For this exercise to be most effective, you need to close both the anal and vaginal sphincters, and lift the entire area up into your abdominal cavity just a little bit.
How to Perform Kegel Exercises:
- First squeeze the anal sphincter as tightly as possible, and then squeeze the vaginal sphincter as tightly as possible.
- Then try to increase the intensity of your effort.
- Hold the contraction as tightly as you can for five or six seconds.
- Completely relax your effort, allowing your muscles to soften. Rest for a few moments.
- Repeat the sequence 10 times to complete one set.
- Perform 5–6 sets throughout the day.
Kegel Exercises: Mental Imagery Enhances Effectiveness
Research shows that use of mental imagery greatly enhances neuromuscular learning and efficiency. Mental imagery is particularly helpful after childbirth to help you "re-connect" with your Pelvic floor muscles.
Suggestions for using mental imagery to isolate Pelvic floor muscles:
- Watch, in your mind's eye, the two rings of muscle squeezing tight, tighter, and tightest.
- Imagine that your Pelvic floor muscles are laced together like sneakers. As you contract your PC's, visualize pulling the laces up the inside of your torso and the laces pulling the Pelvic floor taut.
- Imagine that you could pull your pubic bone and your tailbone closer together. Watch, in your mind's eye, the two bones moving closer together.
- Use internal dialog; say to yourself the words that you would use if you needed to use the bathroom and none were available.

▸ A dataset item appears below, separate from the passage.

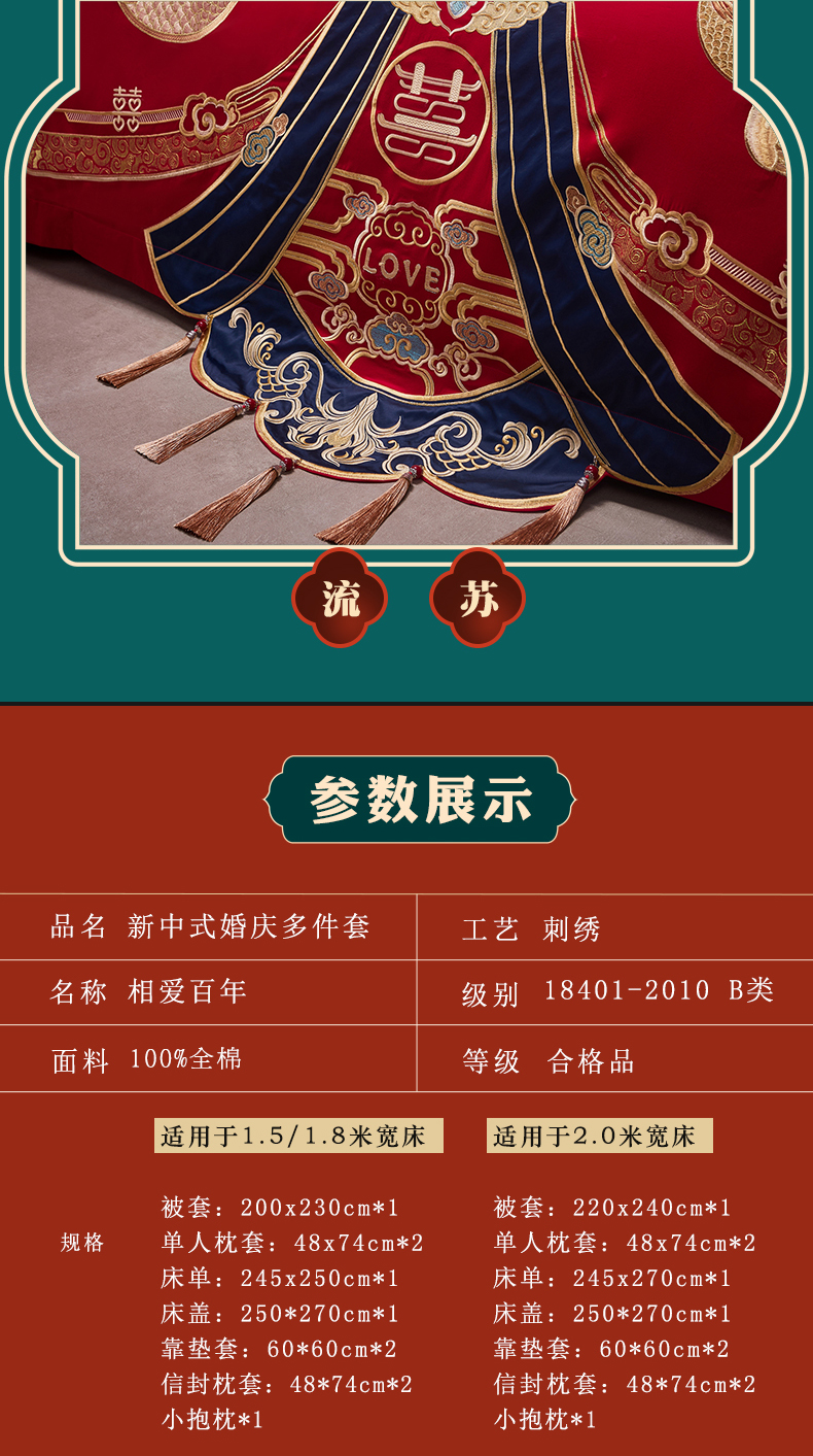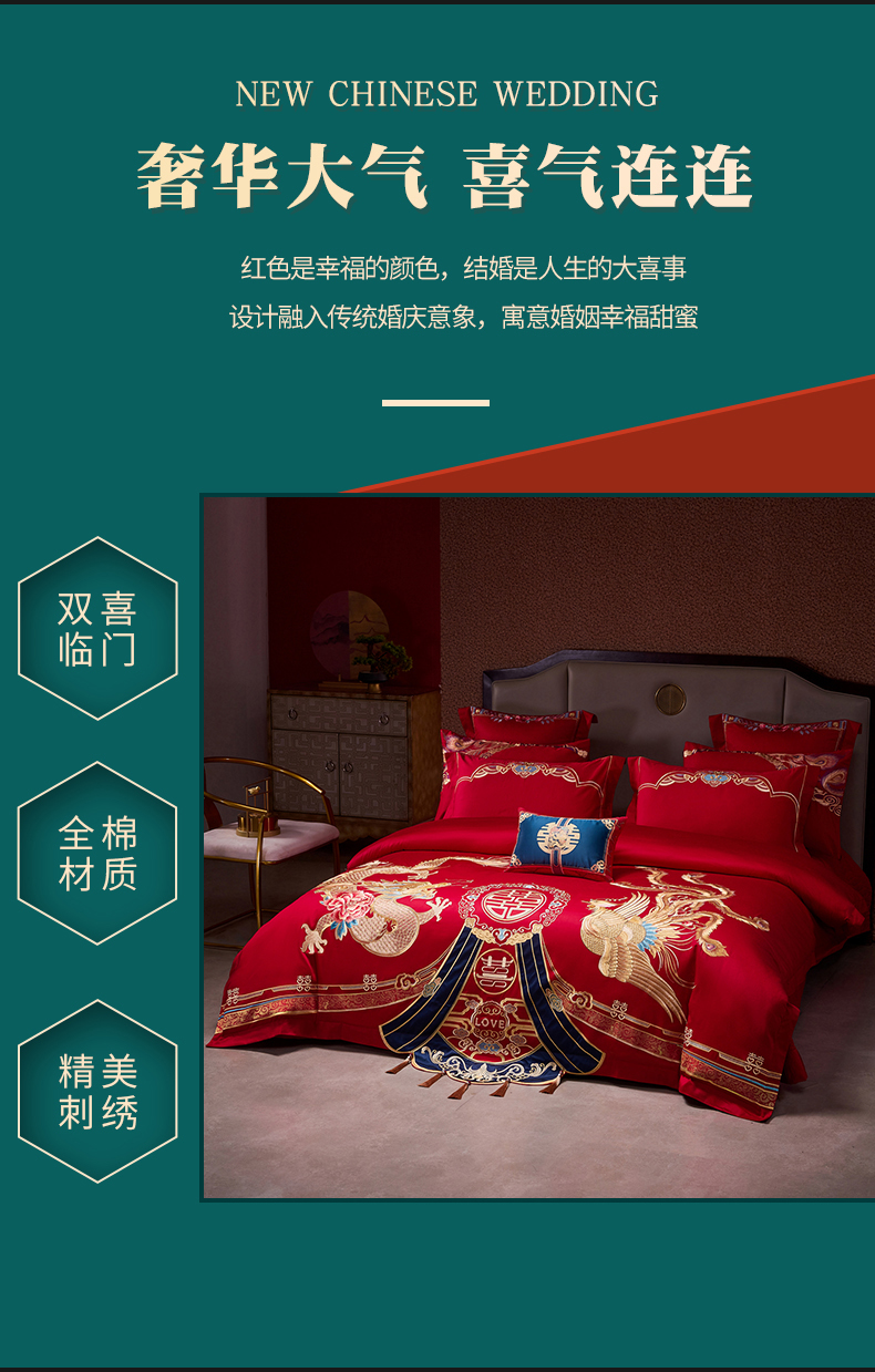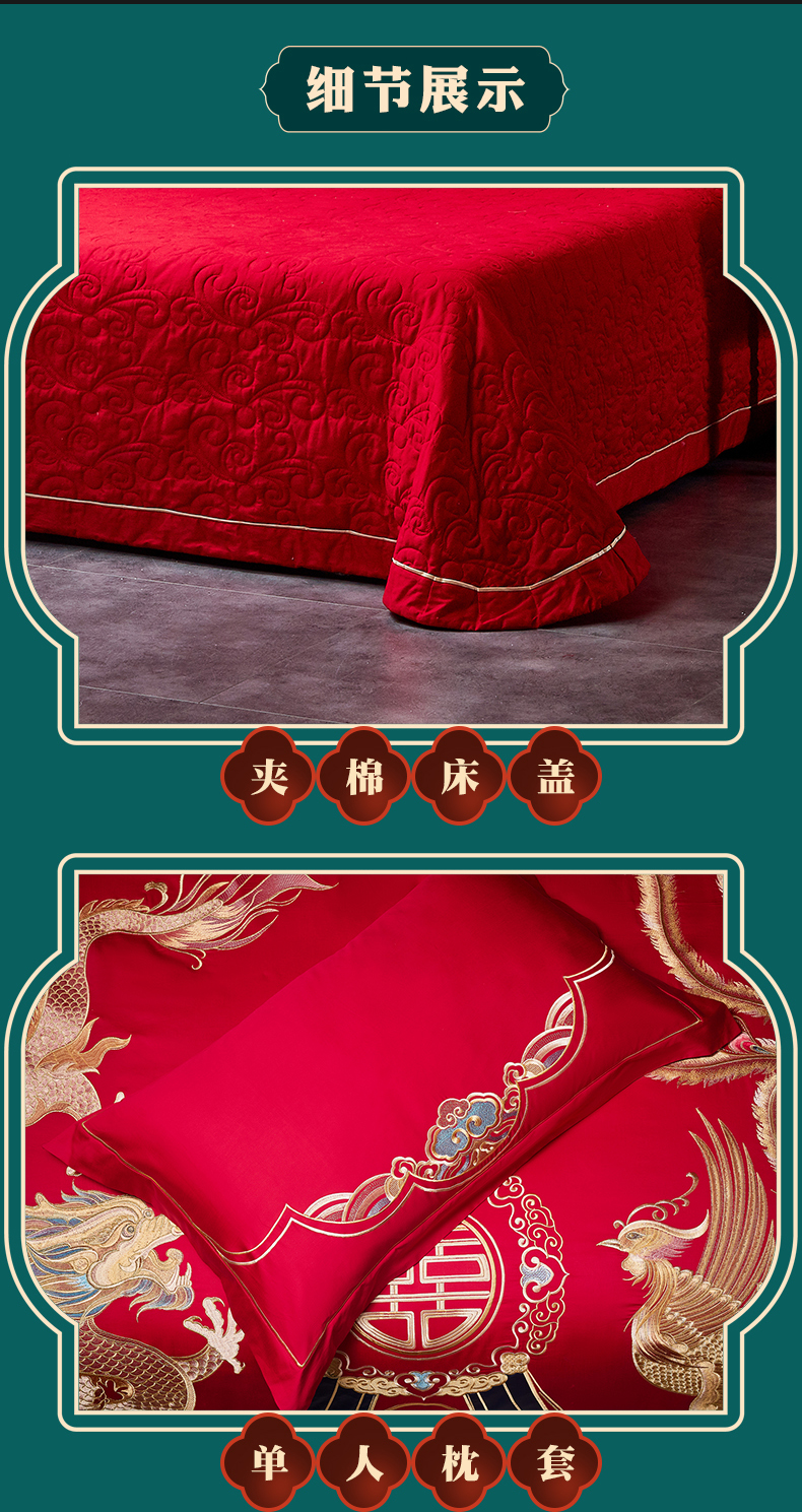 当前位置: 91家纺网 > 商品网购 > 床品套件 > 多件套 > 多件套 > 红番天婚庆 2025新款全棉刺绣新中式婚庆四件套多件套相爱百年
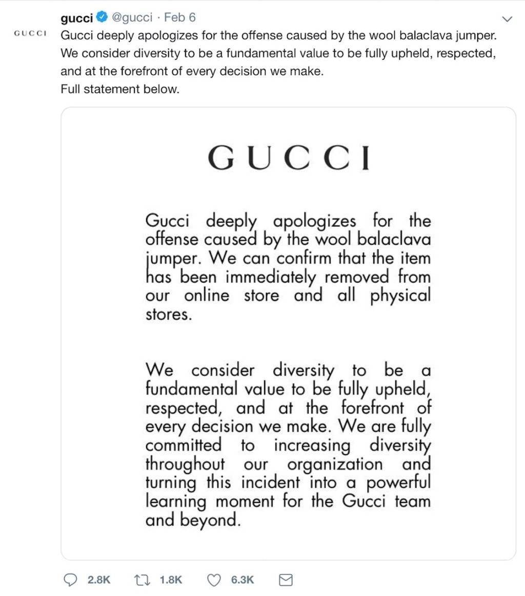 Gucci is the latest luxury house to step in it over allegedly insensitive racial actions. In this case, the offending item is an $800 knit balaclava that resembles “blackface.” The company has apologized and pulled the item. We’re wondering whether there will be a lingering effect in your shopping.

- Imagine an elevator rising up higher and higher as you intensify your effort.
A single Kegel should take only 10 seconds or so. These muscles fatigue easily, so you need to perform many sets of repetitions throughout the day. A good time to do Kegels is while nursing your baby, or while waiting at a red light. After childbirth, Pelvic floor contraction are particularly helpful to do after every bowel movement.
Kegel Exercises: Another Common Misconception
Don't worry if you feel your deep abdominal muscles contracting simultaneously with your Pelvic floor muscles. Feeling your belly button move, waist narrow, or abdominal muscles tense during contraction does not indicate that you are doing Kegels wrong. In fact, the deep abdominals, (Transverse Abdominis), Pelvic floor muscles, and deep spinal muscles, (the Multifitus ) are designed to work together to provide internal support and stability for your torso. Pilates and other core-conditioning systems often instruct clients to contract the Pelvic floor simultaneously with the deep abdominals, because it is a powerful core stabilization technique.

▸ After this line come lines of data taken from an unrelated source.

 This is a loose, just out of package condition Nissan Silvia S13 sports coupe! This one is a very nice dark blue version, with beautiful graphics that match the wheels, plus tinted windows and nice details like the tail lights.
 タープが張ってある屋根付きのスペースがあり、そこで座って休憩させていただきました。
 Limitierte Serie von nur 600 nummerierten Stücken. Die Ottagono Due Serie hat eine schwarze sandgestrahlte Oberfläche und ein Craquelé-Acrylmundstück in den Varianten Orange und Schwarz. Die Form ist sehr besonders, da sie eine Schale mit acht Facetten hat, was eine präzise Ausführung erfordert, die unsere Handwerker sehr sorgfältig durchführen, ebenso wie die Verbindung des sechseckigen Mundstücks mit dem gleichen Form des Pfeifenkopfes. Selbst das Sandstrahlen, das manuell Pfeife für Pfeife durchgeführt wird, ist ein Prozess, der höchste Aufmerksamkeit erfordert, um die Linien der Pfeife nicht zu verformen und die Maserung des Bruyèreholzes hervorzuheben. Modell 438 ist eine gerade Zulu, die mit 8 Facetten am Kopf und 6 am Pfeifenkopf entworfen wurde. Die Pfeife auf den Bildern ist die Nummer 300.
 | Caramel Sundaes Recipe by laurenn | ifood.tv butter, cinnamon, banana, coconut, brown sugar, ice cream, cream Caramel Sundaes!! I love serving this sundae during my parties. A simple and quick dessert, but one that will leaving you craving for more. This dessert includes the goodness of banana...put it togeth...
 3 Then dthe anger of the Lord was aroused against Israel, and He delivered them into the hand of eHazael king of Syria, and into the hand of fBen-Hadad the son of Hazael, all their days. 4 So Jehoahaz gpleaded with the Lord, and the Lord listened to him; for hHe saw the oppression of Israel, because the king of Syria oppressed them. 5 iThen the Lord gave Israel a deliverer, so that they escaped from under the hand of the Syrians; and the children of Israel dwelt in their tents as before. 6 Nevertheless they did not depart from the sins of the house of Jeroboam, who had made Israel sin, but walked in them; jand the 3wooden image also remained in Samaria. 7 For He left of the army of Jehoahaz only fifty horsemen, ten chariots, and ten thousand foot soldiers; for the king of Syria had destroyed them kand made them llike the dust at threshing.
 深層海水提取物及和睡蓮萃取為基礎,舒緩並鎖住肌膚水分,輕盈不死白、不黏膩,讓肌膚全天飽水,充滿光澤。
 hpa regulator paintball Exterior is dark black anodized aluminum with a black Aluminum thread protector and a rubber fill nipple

If you still have trouble finding your pelvic-floor muscles, you can learn the proper physical action by trying to stop the flow of urine as you use the bathroom. Do not, however, practice Kegels while urinating. This can interfere with complete emptying of the bladder, which increases the risk of urinary-tract infections.

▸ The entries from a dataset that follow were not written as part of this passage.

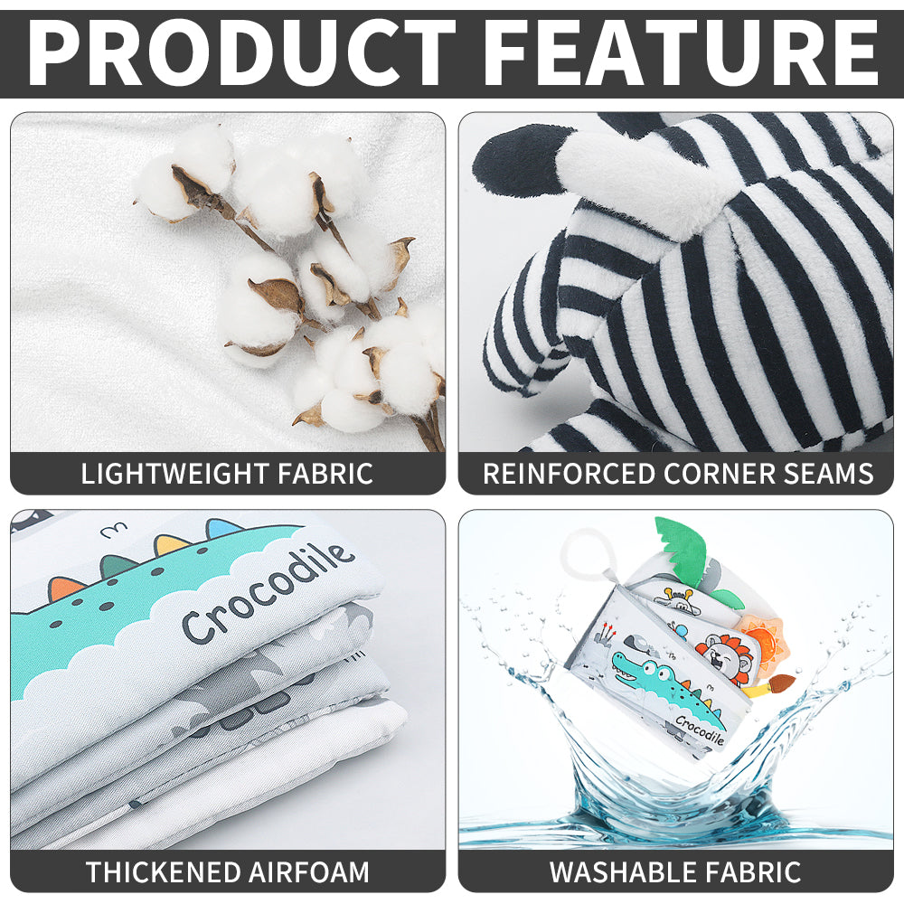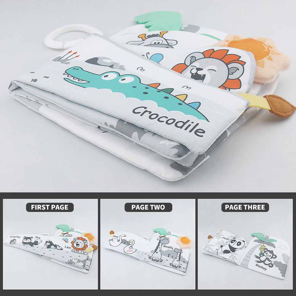 Comes with a sound-making soft book featuring cute animal designs—great for tummy time or solo play. Helps boost cognitive and sensory development.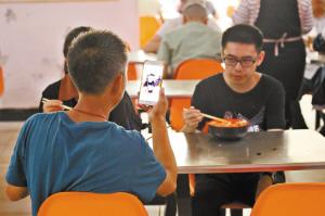 ■一位家长用手机记录孩子第一次在大学食堂吃饭。
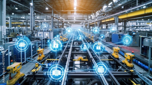 Modern industrial factory using automation and cloud computing for data exchange, improving efficiency and productivity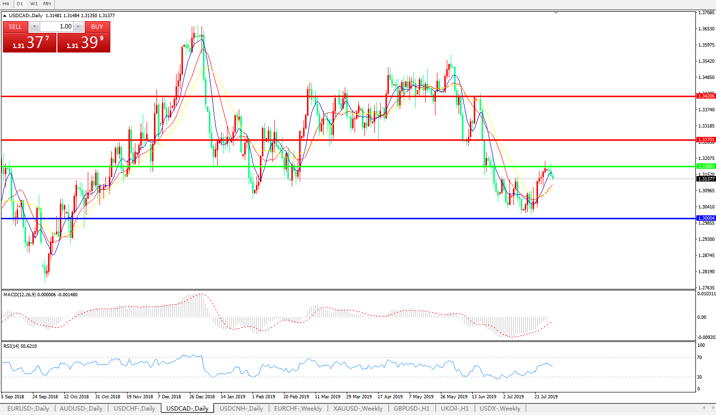 美元兑加元USDCAD    日线图:
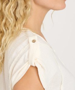 Tabbed short sleeves, a front breast pocket, a unique rounded raw edge hem, and slightly scooped neckline make up the Grigg Tee.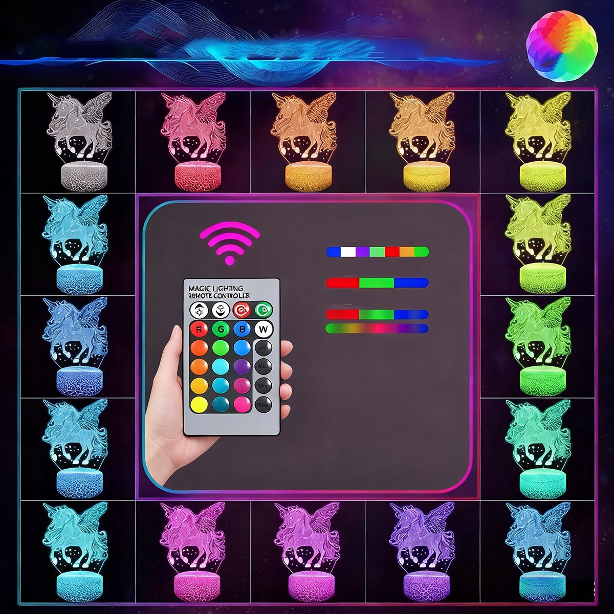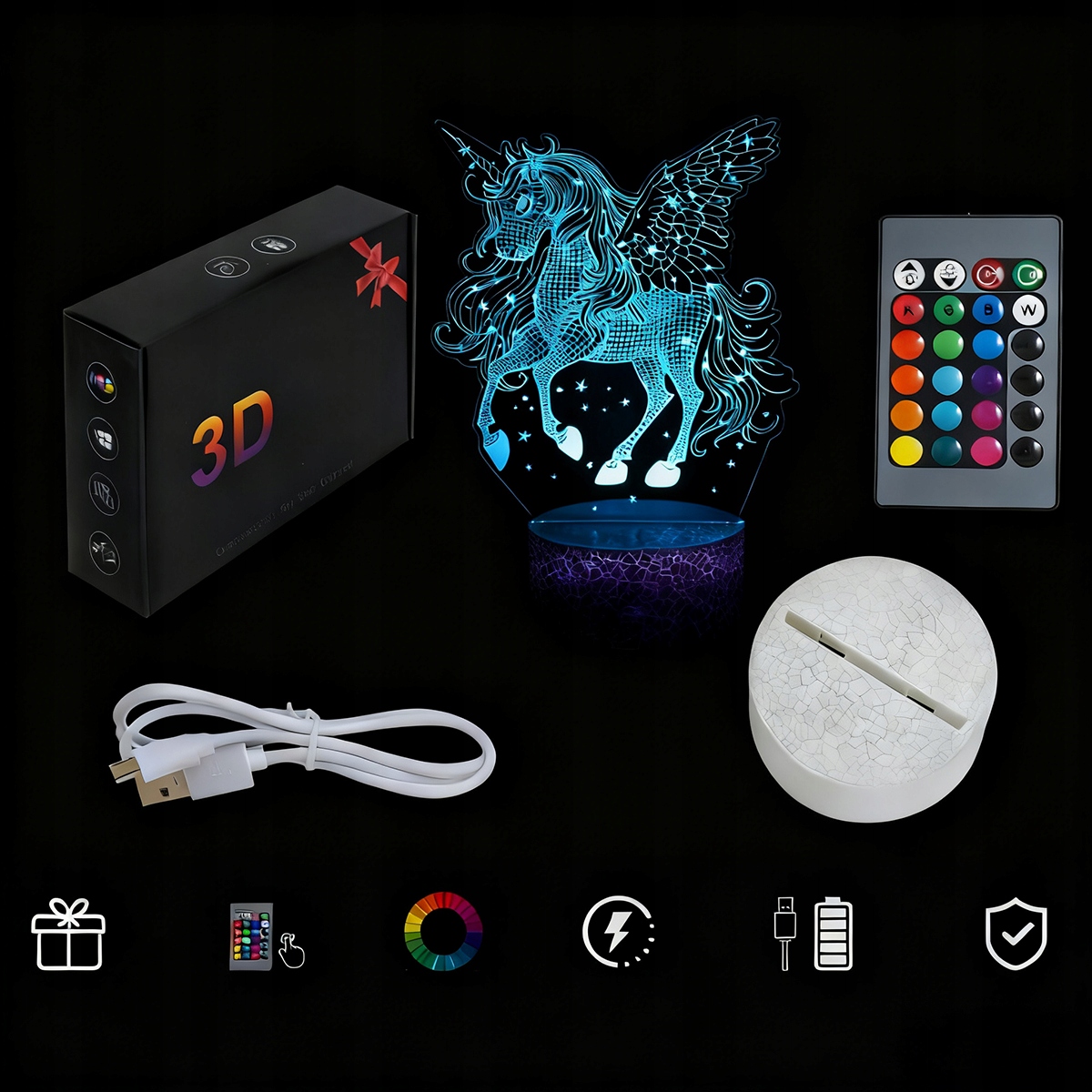 ⭐UNCORN PONY НОЧНАЯ ЛАМПА С 3D-ЭФФЕКТОМ СВЕТОДИОДНЫХ ЦВЕТОВ + ПУЛЬТ ДИСТАНЦИОННОГО УПРАВЛЕНИЯ⭐

How to Tell If Your Reconditioning Is Working
Directly after a vaginal delivery, most women find it almost impossible to contract their Pelvic floor muscles—I know that I did. For many, it feels as if there is "no there there," because the muscles are traumatized. But don't let the absence of a "squeezing sensation" convince you that you're doing them "wrong," or you "can't" do them. The key is to be patient, and to do them regularly, with clear mental focus. As your muscles recover, they will begin to contract more efficiently, and then you will begin to feel the sensation of tightening and softening as you work the area.
After childbirth, you will be finished with the reconditioning phase for your Pelvic floor muscles when you can fully clamp off a strong stream of urine. However, to keep the area strong and functioning well for a lifetime, Kegel exercises should remain a regular part of every woman's fitness routine.